What you will do => Once the pictures are set aside, transcribe each line of the data exactly.

Dataset extract =>
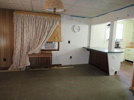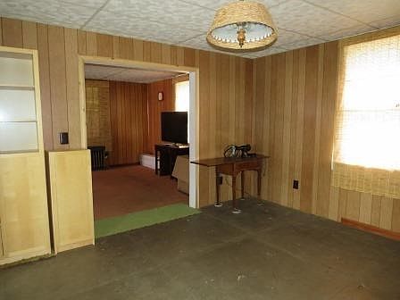 Don't be fooled by the exterior of this home, as inside you will find and updated kitchen with white cabinets and counter seating , a dedicated dining room with blond cabinets included, a spacious living room with fireplace and a fully enclosed sun porch all on the first floor. The full basement provides an integral garage where you can enter from the back of the home. Outside discover gardens and a garden shed for storage.. Seller leaving boxes of laminate for floors to be completed by the Buyer. Steam heat with registers. Seller selling "AS IS", with all appliances and furniture included.
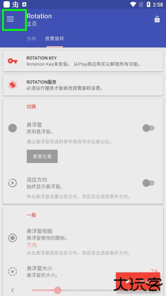 (2)支持强制自动旋转、强制纵向、强制横向、反转纵向、反转横向、传感器纵向、传感器横向。
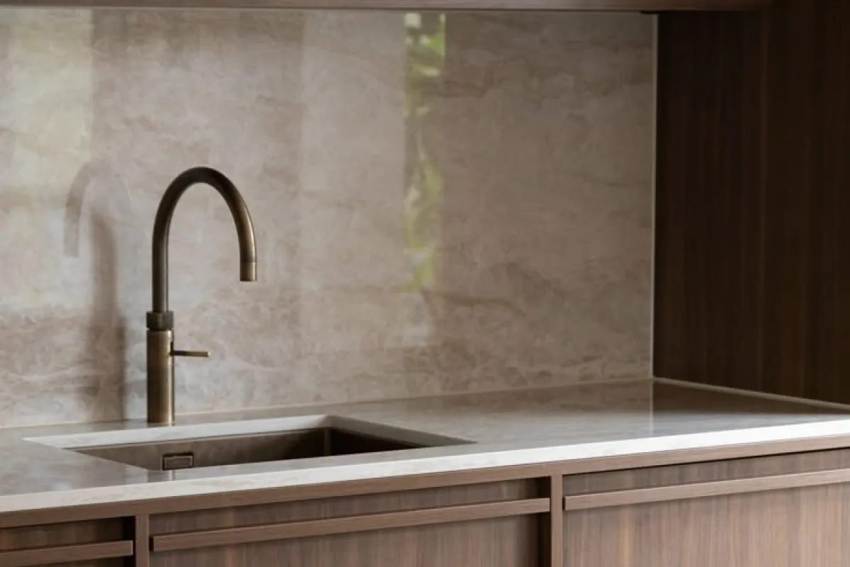 El diseño pone en valor elementos originales como el mosaico Nolla, las molduras, la volta catalana y las vidrieras, combinándolos con una estética mediterránea contemporánea. Materiales naturales, tonos suaves y una distribución clara generan espacios cálidos, personalizados y coherentes en todas las estancias.
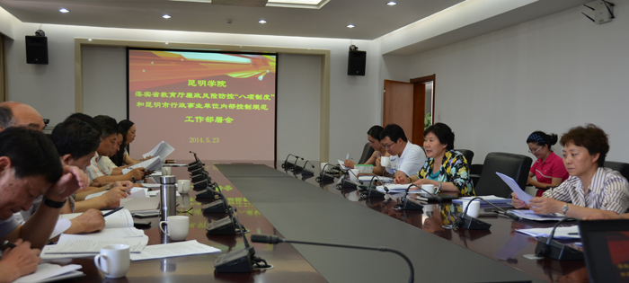 为认真落实《中共云南省委高校工委 云南省教育厅关于规范高校“三重一大”事项决策制度的实施意见(试行)等八个制度文件的通知》和《昆明市财政局关于贯彻落实行政事业单位内部控制规范(试行)的通知》文件精神,进一步强化内控规范管理和权力运行制约,推进我校廉政风险防控机制建设和内控制度建设,学校于5月23日下午在办公楼411会议室召开yl23455永利官网贯彻落实云南省教育厅廉政风险防控“八项制度”和昆明市行政事业单位内部控制规范工作部署会。学校党委副书记、纪委书记李媛芬,党办、纪委办(监审处)、组织部、校办、人事处、计财处、教务处、科研处、学生处、招就处、资产处、基建处、后勤集团部门主要负责人及纪委办(监审处)、计财处科级干部参加了会议。

Result below =>
 Don't be fooled by the exterior of this home, as inside you will find and updated kitchen with white cabinets and counter seating , a dedicated dining room with blond cabinets included, a spacious living room with fireplace and a fully enclosed sun porch all on the first floor. The full basement provides an integral garage where you can enter from the back of the home. Outside discover gardens and a garden shed for storage.. Seller leaving boxes of laminate for floors to be completed by the Buyer. Steam heat with registers. Seller selling "AS IS", with all appliances and furniture included.
 (2)支持强制自动旋转、强制纵向、强制横向、反转纵向、反转横向、传感器纵向、传感器横向。
 El diseño pone en valor elementos originales como el mosaico Nolla, las molduras, la volta catalana y las vidrieras, combinándolos con una estética mediterránea contemporánea. Materiales naturales, tonos suaves y una distribución clara generan espacios cálidos, personalizados y coherentes en todas las estancias.
 为认真落实《中共云南省委高校工委 云南省教育厅关于规范高校“三重一大”事项决策制度的实施意见(试行)等八个制度文件的通知》和《昆明市财政局关于贯彻落实行政事业单位内部控制规范(试行)的通知》文件精神,进一步强化内控规范管理和权力运行制约,推进我校廉政风险防控机制建设和内控制度建设,学校于5月23日下午在办公楼411会议室召开yl23455永利官网贯彻落实云南省教育厅廉政风险防控“八项制度”和昆明市行政事业单位内部控制规范工作部署会。学校党委副书记、纪委书记李媛芬,党办、纪委办(监审处)、组织部、校办、人事处、计财处、教务处、科研处、学生处、招就处、资产处、基建处、后勤集团部门主要负责人及纪委办(监审处)、计财处科级干部参加了会议。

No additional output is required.